— WHAT YOU SHOULD DO —
Write out again, exactly as they stand, the line that includes "Sukienka Z Krótkim" and all remaining lines of the entries.

— RECORDS FOR PROCESSING —
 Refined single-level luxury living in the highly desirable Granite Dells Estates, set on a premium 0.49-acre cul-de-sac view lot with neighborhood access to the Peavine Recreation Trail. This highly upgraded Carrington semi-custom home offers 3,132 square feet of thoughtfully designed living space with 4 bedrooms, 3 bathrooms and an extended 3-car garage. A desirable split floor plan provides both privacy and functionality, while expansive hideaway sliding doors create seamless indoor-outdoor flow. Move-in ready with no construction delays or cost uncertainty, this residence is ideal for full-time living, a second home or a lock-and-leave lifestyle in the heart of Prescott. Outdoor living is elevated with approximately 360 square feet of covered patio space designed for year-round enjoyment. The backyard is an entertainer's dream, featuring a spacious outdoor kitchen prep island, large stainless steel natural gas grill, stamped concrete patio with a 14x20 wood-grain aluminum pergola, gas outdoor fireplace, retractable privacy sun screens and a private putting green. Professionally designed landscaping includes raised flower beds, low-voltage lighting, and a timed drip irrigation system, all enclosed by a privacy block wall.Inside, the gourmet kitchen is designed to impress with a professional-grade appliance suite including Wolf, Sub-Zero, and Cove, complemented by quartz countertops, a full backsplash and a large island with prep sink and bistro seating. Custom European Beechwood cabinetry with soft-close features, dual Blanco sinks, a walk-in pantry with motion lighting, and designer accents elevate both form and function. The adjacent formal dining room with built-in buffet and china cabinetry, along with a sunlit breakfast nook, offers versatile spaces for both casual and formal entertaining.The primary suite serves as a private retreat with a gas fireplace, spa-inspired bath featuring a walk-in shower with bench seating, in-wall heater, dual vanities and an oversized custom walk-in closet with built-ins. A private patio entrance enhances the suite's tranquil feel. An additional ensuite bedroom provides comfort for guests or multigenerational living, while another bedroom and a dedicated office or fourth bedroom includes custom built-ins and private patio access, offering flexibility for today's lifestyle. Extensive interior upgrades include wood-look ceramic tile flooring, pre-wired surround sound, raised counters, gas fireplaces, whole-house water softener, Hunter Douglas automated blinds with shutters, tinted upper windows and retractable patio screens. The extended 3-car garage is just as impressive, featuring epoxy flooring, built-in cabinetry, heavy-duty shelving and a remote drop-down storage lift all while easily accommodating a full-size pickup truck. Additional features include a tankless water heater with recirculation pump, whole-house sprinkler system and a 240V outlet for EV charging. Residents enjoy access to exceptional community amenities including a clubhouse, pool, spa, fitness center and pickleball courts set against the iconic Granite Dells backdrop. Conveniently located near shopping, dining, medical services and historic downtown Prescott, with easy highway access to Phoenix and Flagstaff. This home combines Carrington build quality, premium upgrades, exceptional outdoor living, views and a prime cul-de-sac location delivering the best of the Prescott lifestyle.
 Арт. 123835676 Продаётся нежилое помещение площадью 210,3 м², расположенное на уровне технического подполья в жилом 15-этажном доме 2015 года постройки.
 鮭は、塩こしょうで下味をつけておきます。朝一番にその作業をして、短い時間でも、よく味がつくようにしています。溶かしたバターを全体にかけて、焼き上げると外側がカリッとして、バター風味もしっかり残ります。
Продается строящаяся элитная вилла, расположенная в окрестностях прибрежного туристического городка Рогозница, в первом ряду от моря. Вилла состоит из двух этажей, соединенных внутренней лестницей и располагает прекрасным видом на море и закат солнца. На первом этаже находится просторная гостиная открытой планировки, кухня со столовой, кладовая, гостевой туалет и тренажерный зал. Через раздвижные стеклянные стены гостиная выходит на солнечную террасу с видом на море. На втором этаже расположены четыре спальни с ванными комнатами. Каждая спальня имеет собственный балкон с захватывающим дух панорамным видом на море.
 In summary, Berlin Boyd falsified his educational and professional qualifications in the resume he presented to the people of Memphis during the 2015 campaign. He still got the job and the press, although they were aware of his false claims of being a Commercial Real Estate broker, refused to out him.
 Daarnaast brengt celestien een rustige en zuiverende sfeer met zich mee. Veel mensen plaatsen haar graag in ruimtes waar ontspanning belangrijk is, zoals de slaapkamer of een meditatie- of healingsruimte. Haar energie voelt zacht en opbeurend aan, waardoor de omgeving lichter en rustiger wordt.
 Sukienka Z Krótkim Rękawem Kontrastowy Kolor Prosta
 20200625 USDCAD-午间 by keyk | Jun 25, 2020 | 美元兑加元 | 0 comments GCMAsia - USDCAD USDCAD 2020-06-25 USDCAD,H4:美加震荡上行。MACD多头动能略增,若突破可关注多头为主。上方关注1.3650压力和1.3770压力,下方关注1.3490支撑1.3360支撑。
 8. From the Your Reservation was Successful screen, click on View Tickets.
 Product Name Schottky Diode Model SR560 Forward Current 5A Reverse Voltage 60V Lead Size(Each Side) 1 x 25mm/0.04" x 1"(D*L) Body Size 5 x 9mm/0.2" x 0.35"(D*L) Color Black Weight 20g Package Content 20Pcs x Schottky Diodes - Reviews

— OUTPUT OF THE TASK —
 Sukienka Z Krótkim Rękawem Kontrastowy Kolor Prosta
 20200625 USDCAD-午间 by keyk | Jun 25, 2020 | 美元兑加元 | 0 comments GCMAsia - USDCAD USDCAD 2020-06-25 USDCAD,H4:美加震荡上行。MACD多头动能略增,若突破可关注多头为主。上方关注1.3650压力和1.3770压力,下方关注1.3490支撑1.3360支撑。
 8. From the Your Reservation was Successful screen, click on View Tickets.
 Product Name Schottky Diode Model SR560 Forward Current 5A Reverse Voltage 60V Lead Size(Each Side) 1 x 25mm/0.04" x 1"(D*L) Body Size 5 x 9mm/0.2" x 0.35"(D*L) Color Black Weight 20g Package Content 20Pcs x Schottky Diodes - Reviews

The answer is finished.